_Directions_.
What is needed is an exact copy of the lines from the start of the records below through the line with "玄関横に見えるお庭には「竹明かり」", without the pictures.

[[ Task data, beginning ]]

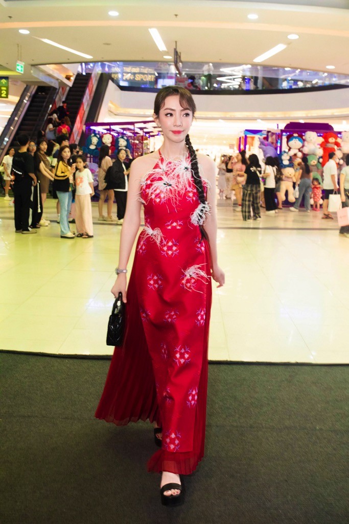 Tối 18/2, Thu Trang cùng nhiều nghệ sĩ tham gia sự kiện ra mắt phim mới Nhà gia tiên. Diện áo dài cách tân, Thu Trang được khen nhan sắc ngày càng thăng hạng. Đi cùng Thu Trang còn có các diễn viên Ma Ran Đô, Thiên Ân.
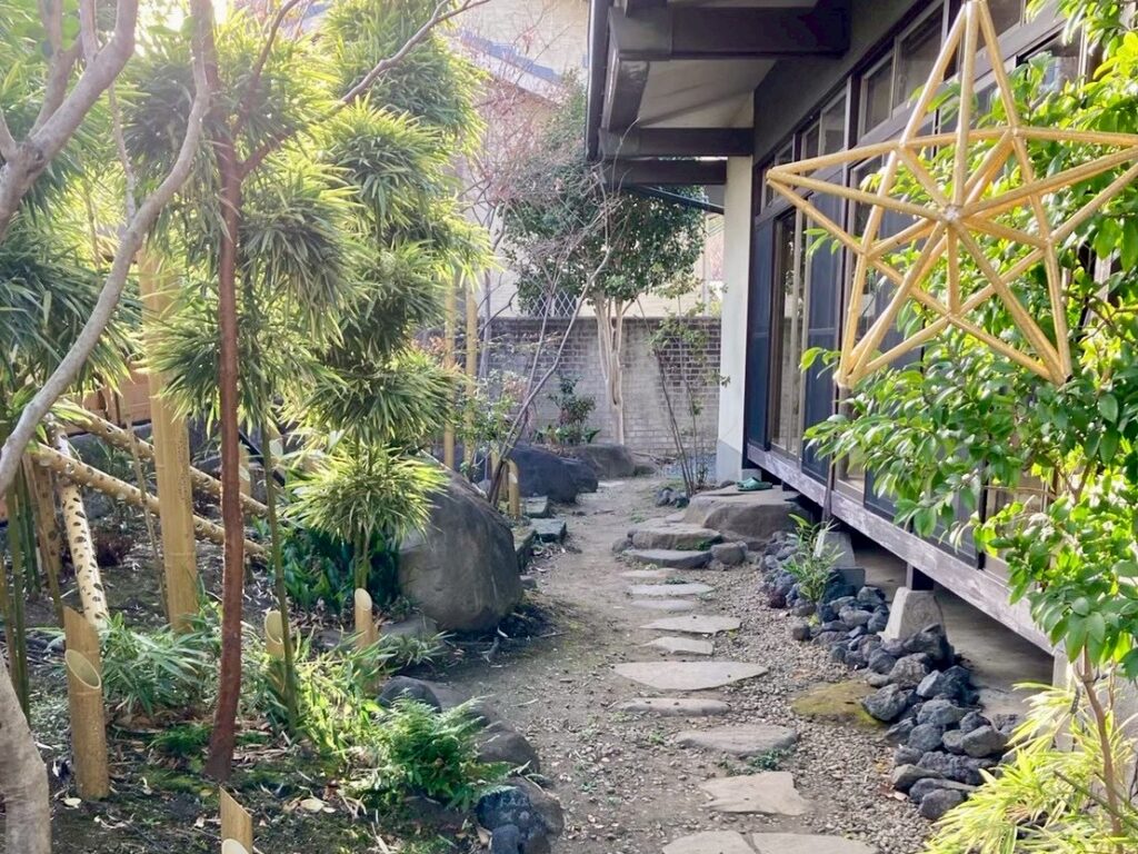 玄関横に見えるお庭には「竹明かり」
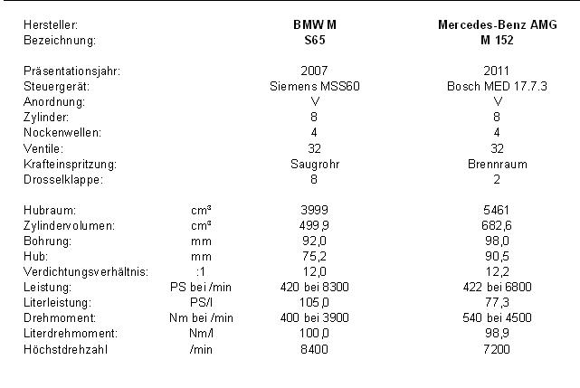 Aufgrund der schieren Hubraumgröße war in einem AMG nie ein Mangel an Drehmoment feststellbar, allerdings fehlt aufgrund der verhältnismäßig großen und dementsprechend schweren Kolben sowie dem Fehlen von Einzeldrosselklappen und Fächerkrümmer auch das letzte Quäntchen Drehfreude. Bei maximal 7200/min muss auch der neueste Saugmotor von AMG die Segel streichen, der S65 im M3 setzt hier hingegen noch einmal zum Endspurt an und lässt die Drehzahlnadel bis auf 8400 U/min peitschen. Die beiden Philosophien könnten nicht unterschiedlicher sein.
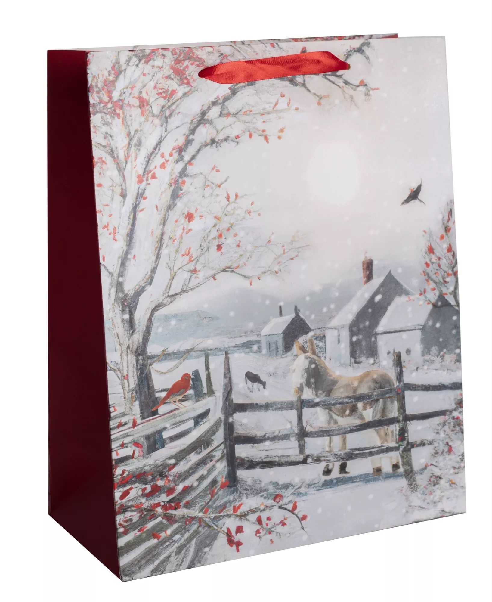 Fejezze ki szeretetét és gondoskodását környezettudatos módon ezzel a hangulatos havas farm mintás ajándéktasakkal!
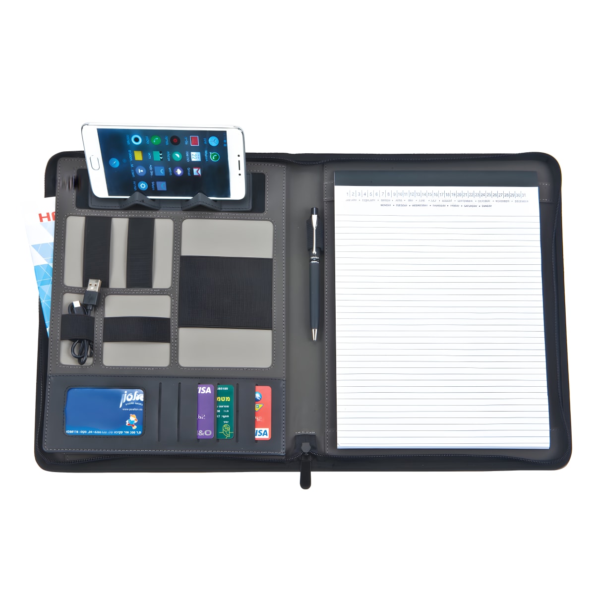 מכתביה A4 מהודרת עם רוכסן לשמירה על המסמכים שלך. כוללת תאים לכרטיסי ביקור ואחסון מסודר. בלוק ניירות שורה לכתיבה נוחה ומעמד לטלפון נייד. מצוי
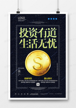 投资有道生活无忧创意黑金宣传海报模板设计
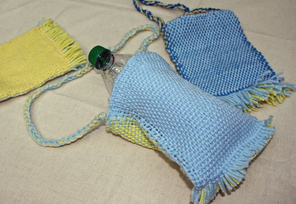 Barbara wove some clever tubes (round and round!) to make water bottle carriers.
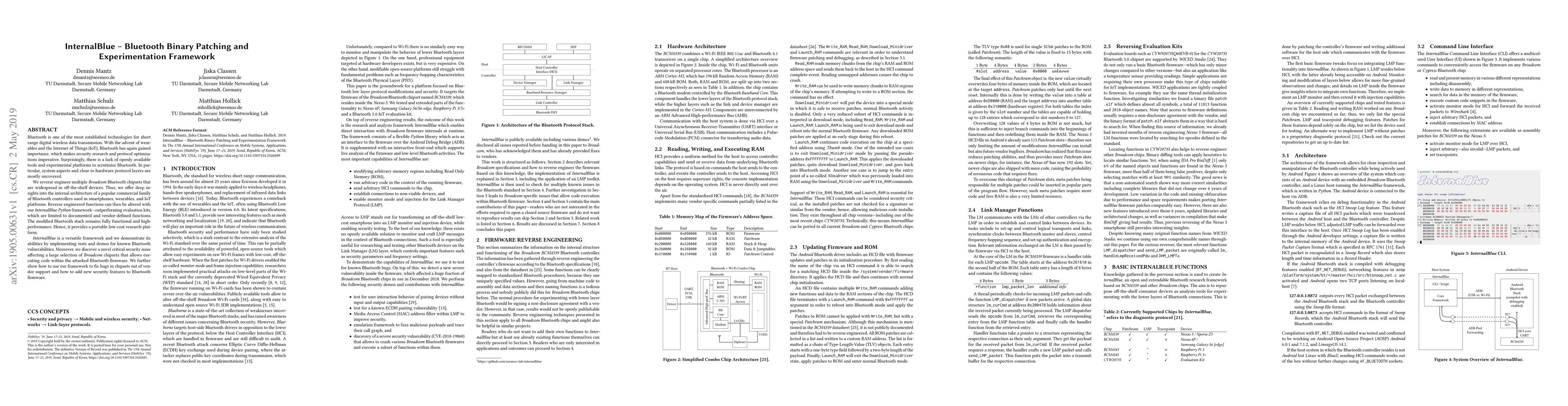 InternalBlue is a Python framework for Bluetooth binary patching, enabling deep reverse engineering and experimentation on Broadcom chipsets used in smartphones and IoT devices. It uncovers critical security vulnerabilities and allows for the addition of new security features, offering a low-cost, high-performance research platform.

[[ Task data, end ]]

_The answer_.
 Tối 18/2, Thu Trang cùng nhiều nghệ sĩ tham gia sự kiện ra mắt phim mới Nhà gia tiên. Diện áo dài cách tân, Thu Trang được khen nhan sắc ngày càng thăng hạng. Đi cùng Thu Trang còn có các diễn viên Ma Ran Đô, Thiên Ân.
 玄関横に見えるお庭には「竹明かり」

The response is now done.